In the past, a family got a break on the FAFSA for every additional child who was enrolled in college. So, for example, if your previous Expected Family Contribution was $20,000, and then you had a sibling enroll at the same time, your EFC would drop in half, assuming your other finances held steady, says Christine McMullan, a college financial aid advisor with Garretson Financial in Kenilworth, New Jersey.
That break is gone now — meaning families who have multiple children in college could see their aid eligibility decrease dramatically. It’s not quite as simple as saying those families will owe double what they would have before, though, because there are other favorable formula changes that can partially offset this.
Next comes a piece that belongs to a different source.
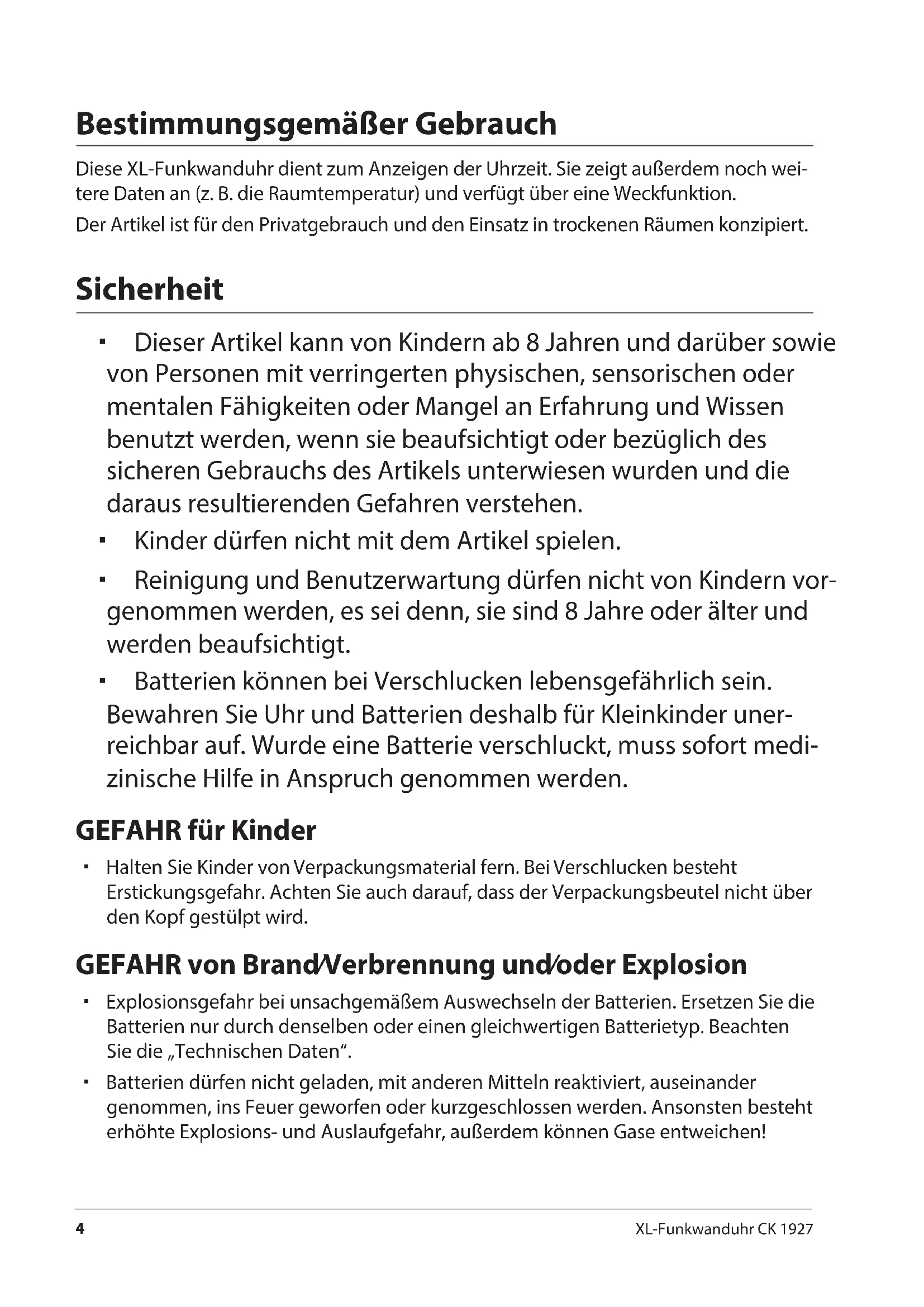 XL-Funkwanduhr CK 1927 Bestimmungsgemäßer Gebrauch Diese XL-Funkwanduhr dient zum Anzeigen der Uhrzeit. Sie zeigt außerdem noch wei- tere Daten an (z.B. die Raumtemperatur) und verfügt über eine Weckfunktion. Der Artikel ist für den Privatgebrauch und den Einsatz in trockenen Räumen konzipiert. Sicherheit Dieser Artikel kann von Kindern ab 8 Jahren und darüber sowie von Personen mit verringerten physischen, sensorischen oder mentalen Fähigkeiten oder Mangel an Erfahrung und Wissen benutzt werden, wenn sie beaufsichtigt oder bezüglich des sicheren Gebrauchs des Artikels unterwiesen wurden und die daraus resultierenden Gefahren verstehen. Kinder dürfen nicht mit dem Artikel spielen. Reinigung und Benutzerwartung dürfen nicht von Kindern vor- genommen werden, es sei denn, sie sind 8 Jahre oder älter und werden beaufsichtigt. Batterien können bei Verschlucken lebensgefährlich sein. Bewahren Sie Uhr und Batterien deshalb für Kleinkinder uner- reichbar auf. Wurde eine Batterie verschluckt, muss sofort medi- zinische Hilfe in Anspruch genommen werden. GEFAHR für Kinder Halten Sie Kinder von Verpackungsmaterial fern. Bei Verschlucken besteht Erstickungsgefahr. Achten Sie auch darauf, dass der Verpackungsbeutel nicht über den Kopf gestülpt wird. GEFAHR von Brand/Verbrennung und/oder Explosion Explosionsgefahr bei unsachgemäßem Auswechseln der Batterien. Ersetzen Sie die Batterien nur durch denselben oder einen gleichwertigen Batterietyp. Beachten Sie die „Technischen Daten“. Batterien dürfen nicht geladen, mit anderen Mitteln reaktiviert, auseinander genommen, ins Feuer geworfen oder kurzgeschlossen werden. Ansonsten besteht erhöhte Explosions- und Auslaufgefahr, außerdem können Gase entweichen!Technische Daten

It’s important to note the question about siblings in college remains on the form. So individual colleges, states or private institutions, all of which use FAFSA information to influence their awarding, can still choose to adjust a family’s eligibility because they are paying for multiple kids at once.
But how things will pan out for current families is unclear, McMullan says. “I have a lot of clients in that boat and they’re very worried about what’s going to happen.”
6. Other formula updates may change your financial aid eligibility.
Along with the changes above, there are several more line-by-line changes that could cause big swings in what a student qualifies for.
Negative Student Aid Index
Students can receive a Student Aid Index (SAI) as low as -$1,500. Until now, $0 was the lowest the financial aid formula went. The SAI, which replaces the old EFC terminology, is a measure of a family’s finances, so lower figures can lead to higher financial aid packages. Remember, though, that most colleges don’t have enough money to meet every student’s need, so a low, or even negative, SAI doesn’t guarantee you’ll receive enough aid to make a college affordable. Still, having a negative measure should help colleges see which students have the most need, so they can better target their financial aid budgets.
Increased income protection allowance and fewer families reporting assets
The income protection allowance is more generous this year. The changes vary by family size, but for a family of four with two college students, $35,870 would be protected this year, up from $28,980, Vasconcelos says. The protection allowance is the chunk of income considered necessary for living expenses and therefore exempt from financial aid calculations. (This should offset some of the pain of the elimination of the sibling deduction.)
Separately, most students with household incomes up to $60,000 will be exempt from having to answer any questions about assets. That limit is up from $50,000 currently, Vasconcelos says.
Changes for divorced parents
Students with divorced parents now have to supply information for the parent who provides the most financial support. That’s a shift from in the past, when students with divorced parents submitted the financial information for their custodial parent, regardless of which parent earned more.
How much that matters to financial aid will vary on a case-by-case basis. But a common scenario, McMullan says, is that a student lives primarily with their mother, while their father earns more money. In those cases, the student may be eligible for less aid going forward.
Changes for families with small businesses and family farms
Small-business owners and farmers could see their aid eligibility drop. In the past, families with small businesses or farms, defined as employing fewer than 100 people, were allowed to completely exclude the net value of the business from the financial aid calculation. That is no longer the case.